Hitler and Braun lived together as husband and wife in the bunker for fewer than 40 hours. Late in the morning of 30 April, with the Soviets less than 500 metres from the bunker, Hitler had a meeting with General Helmuth Weidling, commander of the Berlin Defence Area, who informed Hitler that the Berlin garrison would probably run out of ammunition that night. Weidling asked Hitler for permission for a breakout, a request he had made unsuccessfully before. Hitler did not answer at first, and Weidling went back to his headquarters in the Bendlerblock, where at about 13:00 he got Hitler's permission to try a breakout that night.[41] Hitler, two secretaries, and his personal cook then had lunch, after which Hitler and Eva Braun said their personal farewells to members of the Führerbunker staff and fellow occupants, including the Goebbels family, Martin Bormann, the secretaries, and several military officers. At around 14:30 Adolf and Eva Hitler went into Hitler's personal study.[41]Several witnesses later reported hearing a loud gunshot at around 15:30. After waiting a few minutes, Hitler's valet, Heinz Linge, with Bormann at his side, opened the door to the study. Linge later stated he immediately noted a scent of burnt almonds, a common observation made in the presence of prussic acid, the aqueous form of hydrogen cyanide.[42] Hitler's SS adjutant, Sturmbannführer Otto Günsche, entered the study and found the lifeless bodies seated on a sofa. Eva, with her legs drawn up together, was to Hitler's left and slumped away from him. Günsche stated that Hitler "... sat ... sunken over, with blood dripping out of his right temple. He had shot himself with his own pistol, a Walther PPK 7.65".[43][42][44] The gun lay at his feet[42] and according to Oberscharführer Rochus Misch, however, Hitler's head was lying on the table in front of him.[45] Blood dripping from Hitler's right temple and chin had made a large stain on the right arm of the sofa and was pooling on the carpet. According to Linge, Eva's body had no visible physical wounds, and her face showed how she had died—cyanide poisoning.[46] Günsche and Mohnke stated "unequivocally" that all outsiders and those performing duties and work in the bunker "did not have any access" to Hitler's private living quarters during the "decisive" time of death between 15:00 and 16:00.[47]

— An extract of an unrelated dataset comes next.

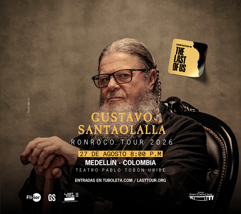 Gustavo Santaolalla vuelve a Colombia con un show íntimo y profundamente emotivo que recorre lo mejor de su trayectoria.Este 27 de agosto en el Teatro Pablo Tobón Uribe en Medellín, el reconocido músico y compositor Gustavo Santaolalla presentará un viaje sonoro que conecta con la raíz, la memoria y la emoción.Una noche para sumergirse en obras icónicas como “Ronroco”, así como en las composiciones que lo llevaron a ganar 2 premios Óscar y a convertirse en una de las figuras más influyentes de la música contemporánea, extendiendo las fronteras de la latinidad.En este show Santaolalla propone una experiencia cercana, donde cada nota cuenta una historia. Un encuentro para sentir la música desde lo esencial, con toda la fuerza y sensibilidad de cada una de sus canciones.Los esperamos en este único show en Medellín para vivir y conectar con la obra de un artista que ha marcado la historia de la música. -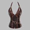 Brauner Steampunk-Korsett mit Ketten und Lederriemen

Günsche exited the study and announced that the Führer was dead. The two bodies were carried up the stairs to ground level and through the bunker's emergency exit to the garden behind the Reich Chancellery, where they were doused with petrol.[48] After the first attempts to ignite the petrol did not work, Linge went back inside the bunker and returned with a thick roll of papers. Bormann lit the papers and threw the torch onto the bodies. As the two corpses caught fire, a small group, including Bormann, Günsche, Linge, Goebbels, Peter Högl, Ewald Lindloff, and Hans Reisser, raised their arms in salute as they stood just inside the bunker doorway.[48]

At around 16:15, Linge ordered SS-Untersturmführer Heinz Krüger and SS-Oberscharführer Werner Schwiedel to roll up the rug in Hitler's study to burn it. The two men removed the blood stained rug, carried it up the stairs and outside to the Chancellery garden. There the rug was placed on the ground and burned.[49]

On and off during the afternoon, the Soviets shelled the area in and around the Reich Chancellery. SS guards brought over additional cans of petrol to further burn the corpses. Linge later noted the fire did not completely destroy the remains, as the corpses were being burned in the open, where the distribution of heat varies.[50] The burning of the corpses lasted from 16:00 to 18:30.[51] The remains were covered up in a shallow bomb crater at around 18:30 by Lindloff and Reisser.